Her voice was stern now. He feared he had angered her, but saw that she was struggling with many emotions.

“My family’s had a shit year,” she said, then stopped to gather herself.

“You need not speak if it brings you pain,” he said.

“No, I want to,” she said. She started again, speaking slowly, carefully: “We’ve had a shit year. There was nothing we could do about it, but there is something we can do about you. So we’re going to help you, no matter what you say—or how weirdly you say it.”

X searched her mind to see if her will was as strong as it seemed. He moved slowly, feeling his way into her thoughts, like he was parting branches. Almost immediately, she shivered and shot him a warning look.

“Stop it,” she said. “There will be no mind-melding—or whatever that is. You have to promise. Not with me or my family.”

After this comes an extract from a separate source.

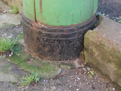 A "pillar box" post box supplied by A. [Andrew] Handyside and Company (established 1848) of Derby and London representing an interesting example of mass-produced cast-iron work making a pleasing, if largely inconspicuous visual statement in an urban street scene with embellishments identifying the artistic potential of the composition including the Queen Victoria (1819-1901; r. 1837-1901) royal cipher of additional significance as an imprinted reminder of the period when Ireland formed part of the British Empire.

“I give you my word,” he said. He added—he was not sure if he should—“And I have never been able to do it with anyone but you.”

This seemed to surprise her, and she smiled.

The awkwardness was lifting, dissipating like smoke.

“What will you call me?” he said.

“I’ll think of something,” she said.

The front door slammed in the distance—a dead sound with no echo. X turned to watch Jonah and his mother cross the drive. Jonah ran excitedly. He was carrying a round, red sled. He was holding it in front of him, like a shield.

Together, they pulled X to the house. With every bump and jolt, he arched his back in agony. Once inside, they maneuvered the sled through the kitchen, then the living room. Zoe and her mom tugged at the rope, while Jonah cleared the path and shouted frantic, sometimes contradictory, instructions.

At the bottom of the staircase, they managed to get X to his feet, like a team of workers lifting a statue. Zoe and her mother held his arms to steady him, and Jonah shoved as hard as he could from behind to prevent him from toppling backward. After five nerve-wracking minutes, they reached the landing. Jonah wanted X to sleep in his room with him, and when his mother hesitated, he began chanting, “Sleepover! Sleepover! Sleepover!” In the end, it was decided that X would sleep in Jonah’s bed, even though it was small and shaped like a ladybug. The Bissells would all share the floor. The mother didn’t want her children alone with him.